WhiteGold has found success in being able to introduce technologies, creating demand and building the channel, according to Whitehand. “It is showing the strengths of the products and the solutions we have and creating demand with the end-user.
“Rather than the approach of some of the higher-end distributors that are excellent logistically, they are not as good as knowing the products inside out, providing the level of support and having the experience to back that. Security has been our focus for the past five years and that is now morphing into other areas, but we want to keep that same feel,” said Whitehand. “We are chastised by other distributors as we are faster, but to us that is a massive value as the end-user wants to know quickly and the resellers can find out product information very quickly.”

Reseller community

The distributor now has a reseller base of around 700 resellers, with a core of 75 to 100 resellers buying on a regular basis. WhiteGold has a largely horizontal set of resellers as spam, viruses, email, and using a network goes across a number of segments.

“The trick is getting a small number of resellers for each vendor who are really going to fire up on a consistent basis. I think those broad-based distributors have that ‘we’re here, we’ve got it when you want it, where do you want it to go’ approach, a lot of those guys, partly as they’re larger organisations baked by big bank roles, pick up those vendors who just want that approach and get as many resellers as they can, it’s a numbers game. Where they come unstuck is where some of the anti-virus guys are losing market share as the infrastructure is not great in terms of support, flexibility and efficiency of what they are putting out there,” said Whitehand.

Expanding future

We want to be a $20 million plus business in the next couple of years. Then a long-term aim of reaching $30 to $50 million in turnover. We will grow the strength of our market, it’s about how you grade yourself and support your channel and bringing new technologies to market. We will be executing in new areas, but with the same business model. The fact people ask us for the networking infrastructure because we are doing the security infrastructure, because they go hand-in-hand, and this is bringing bigger deals to the table.”

Whitegold’s headcount has reached 13 now and the firm is looking to open offices in Queensland soon and possibly ACT within six month’s time. The firm already has offices in Sydney and Melbourne, which are both set to see their staff figures swell.

“We will move into storage this year. I’m thinking about having a separate business unit for that,” he said. “We are going to be working with a vendor that takes a very different approach to storage. We will be competing will all the big guys, such as the
NetApps and the EMCs, but it is a very different type of technology.”

Whitehand said the firm will also start to operate in the wireless infrastructure space, while expanding in security compliance and networking management with a new vendor.

“In terms of what we have got now, our mainstays are still WatchGuard, Fortinet and Barracuda.
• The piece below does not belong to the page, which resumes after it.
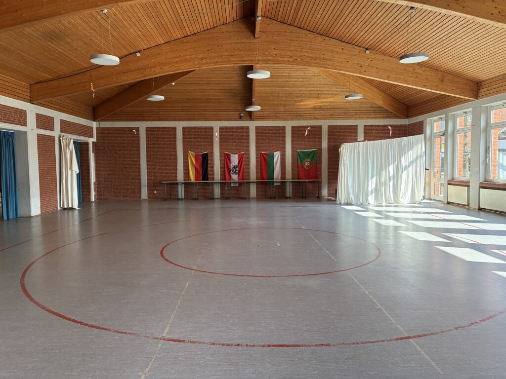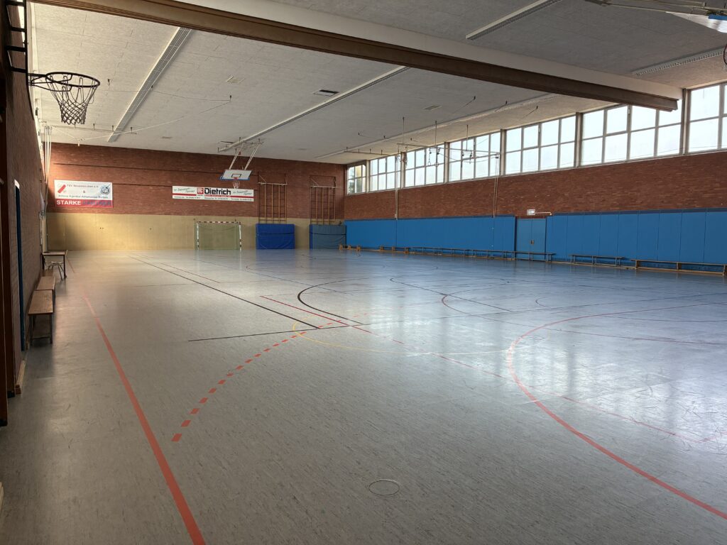 Unsere große Sporthalle bietet viel Platz zum Turnen, Spielen und Bewegen. Hier haben die Kinder beim Sportunterricht und auch in Regenpausen viel Freude an der Bewegung.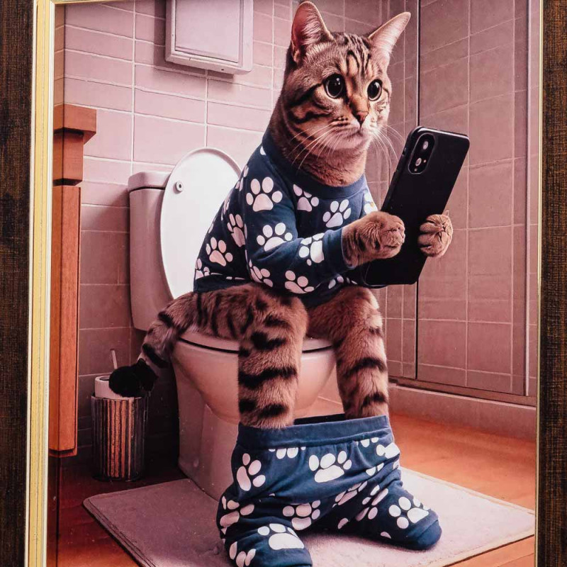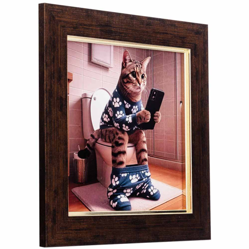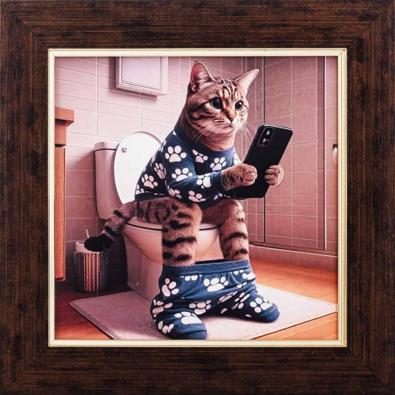 Добавьте юмора и настроения в повседневность с этим весёлым настенным арт-объектом! Оригинальная картина с задорным котом не просто украсит интерьер ванной комнаты, но и станет источником улыбок каждый день.

We will be continuing doing what we are doing and diversifying, too. There will be more consolidation in the distribution market. Most of the businesses our size have an exit strategy, so they know if they are either going to forge ahead and try to become one of the big guys. You are never going to become a broad-based distributor overnight.

We are doing nicely as we are and looking to the future thinking: ‘it would be nice to have a choice’. If we are doing well, why would we sell? However if we did get it to the point where we could get a really good return, then maybe we would,” concluded Whitehand.